The listing is to be returned word for word, without its images.

> _Provided data_
----
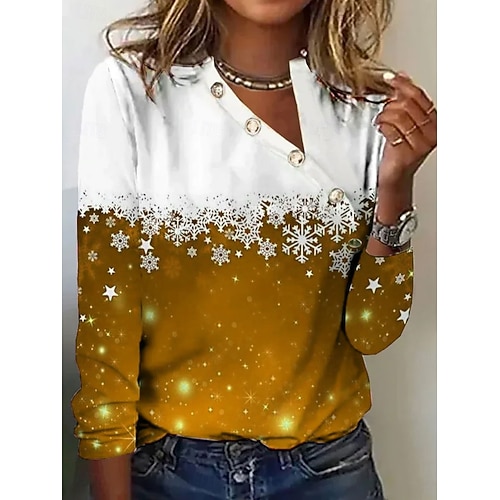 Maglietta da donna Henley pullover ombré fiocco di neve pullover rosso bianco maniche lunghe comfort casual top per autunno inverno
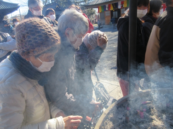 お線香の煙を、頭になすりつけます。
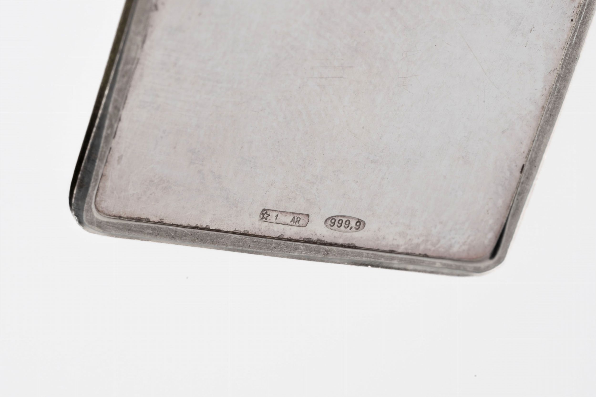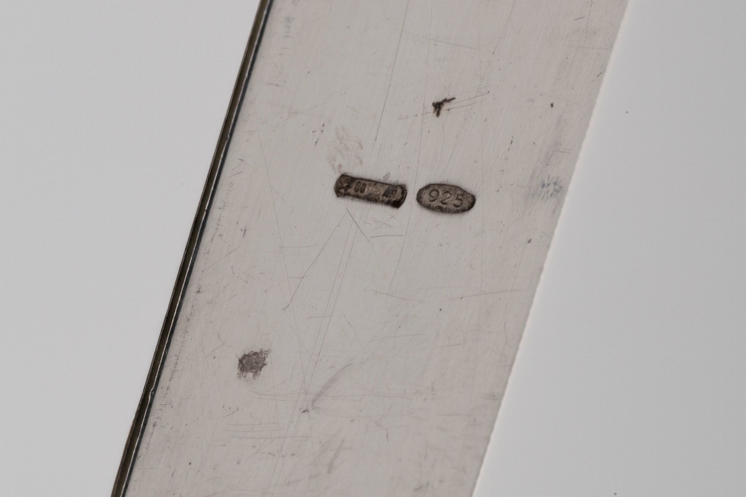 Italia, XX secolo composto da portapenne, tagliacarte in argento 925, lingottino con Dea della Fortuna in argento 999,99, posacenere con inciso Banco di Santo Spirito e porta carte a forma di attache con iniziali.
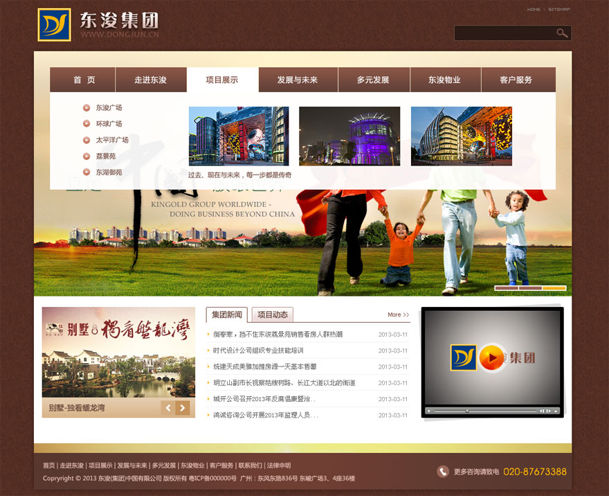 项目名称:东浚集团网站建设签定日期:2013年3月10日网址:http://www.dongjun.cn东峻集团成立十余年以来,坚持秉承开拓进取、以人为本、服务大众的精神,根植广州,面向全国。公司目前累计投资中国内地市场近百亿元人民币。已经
----
> _Answer space_
 Maglietta da donna Henley pullover ombré fiocco di neve pullover rosso bianco maniche lunghe comfort casual top per autunno inverno
 お線香の煙を、頭になすりつけます。
 Italia, XX secolo composto da portapenne, tagliacarte in argento 925, lingottino con Dea della Fortuna in argento 999,99, posacenere con inciso Banco di Santo Spirito e porta carte a forma di attache con iniziali.
 项目名称:东浚集团网站建设签定日期:2013年3月10日网址:http://www.dongjun.cn东峻集团成立十余年以来,坚持秉承开拓进取、以人为本、服务大众的精神,根植广州,面向全国。公司目前累计投资中国内地市场近百亿元人民币。已经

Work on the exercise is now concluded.